Catherine May Bedell
First U.S. Representative
1959-1971
“I wondered what women were screaming about when I went to Congress, because we had
equal rights in the state of Washington for years.”
- Catherine May Bedell
Her picture says it all: Catherine May was full of life, pretty, and smart. Her
extraordinary career included six terms in the U.S. House of Representatives and
three terms as a Washington State lawmaker. On the national scene, the Yakima native
advocated for the agricultural industry, the Hanford Nuclear Reservation, and women’s
rights. As a lawmaker, she voted with the Republican Party, supported private power
and laid the groundwork for public television.
Despite her insistence that she was no feminist, May took on the “Good Old Boys
Club,” albeit with grace. Once mystified by the gripes of women who complained of
life in a man’s world, May later cracked, “Boy, I learned.” In Congress, she petitioned
for more women’s hours at her gym. Unafraid to speak her mind, May once posed to
the Editor-in-Chief of Family Weekly: “Are the feminists justifiably angry? Are
they being “exploited,” denied equal rights in the area of wages? Opportunity? Sexual
expression? Yes. Yes, yes. Yes. Probably yes.”
Catherine Barnes was born in Yakima, Washington on May 18, 1914, to Charles Barnes,
a real estate broker and businessman, and Pauline Barnes, a member of a prominent
family. The Great Depression bankrupted her father’s department store and took May’s
college savings along with it. She enrolled at Yakima Valley Junior College and
later transferred to the University of Washington.
May briefly taught school and then held a series of radio broadcasting jobs in the
Puget Sound, New York City, and Yakima. Along the way, she met and married James
May in 1942, who served in the U.S. Army. They married when May produced the first-ever
Betty Crocker Show in New York City.
The Mays returned to Yakima and raised two children, but the marriage eventually
ran its course. (May married Don Bedell in 1970.)

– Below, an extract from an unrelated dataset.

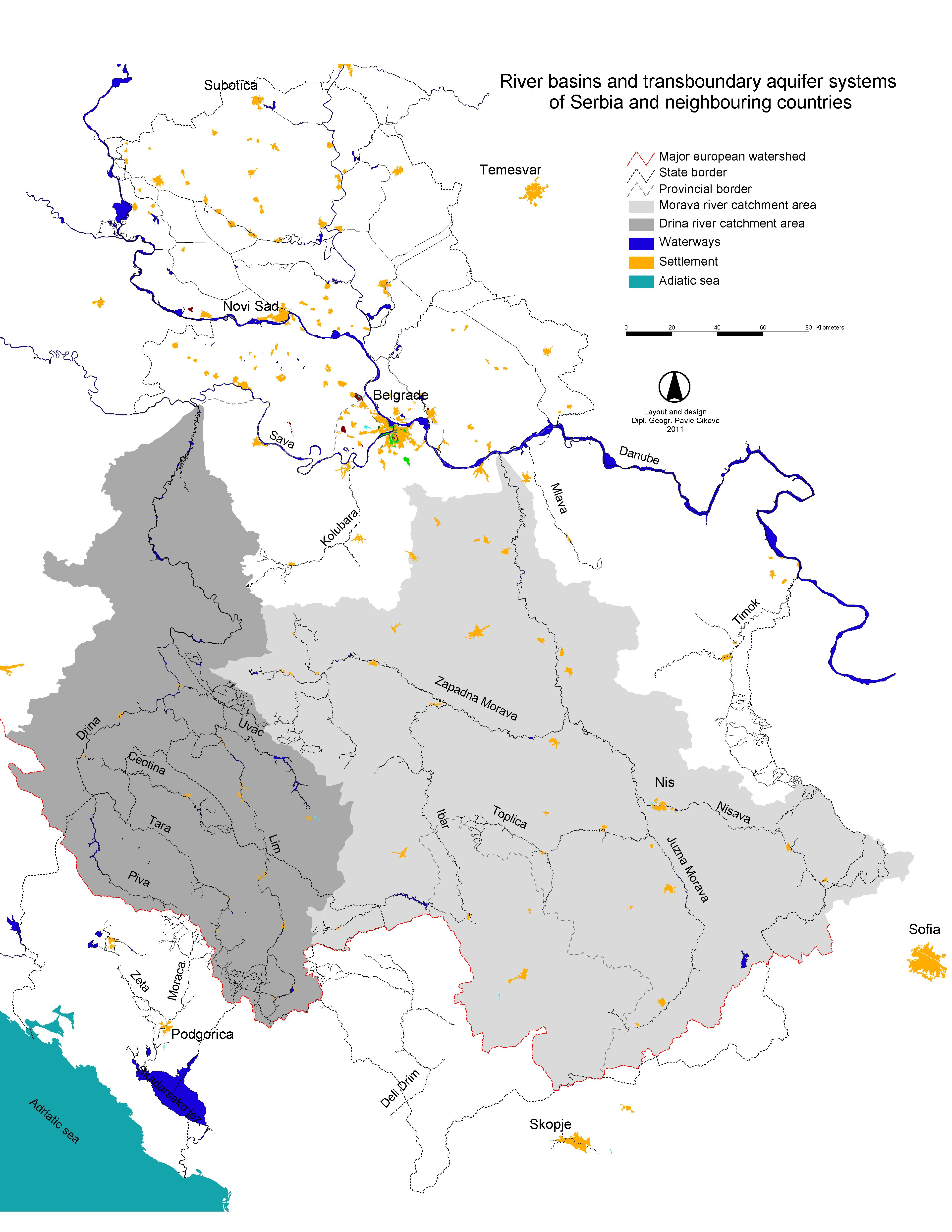 River basins and transboundary aquifers of Serbia and neighbouring countries

In 1952, and at the urging of her father, May ran for and won a seat in the Washington
State House of Representatives. Six years later she defeated well-known Democrat
Frank LeRoux in a bid that took her to the U.S. Congress.
May’s committee assignments included agriculture and atomic energy. During her tenure,
she co-sponsored the historic Equal Pay Act of 1963.
When she left Congress, May was appointed to the U.S. International Trade Commission.
In 1982, she was appointed to the President on the 50 States Project, established
to jettison laws that discriminated against women.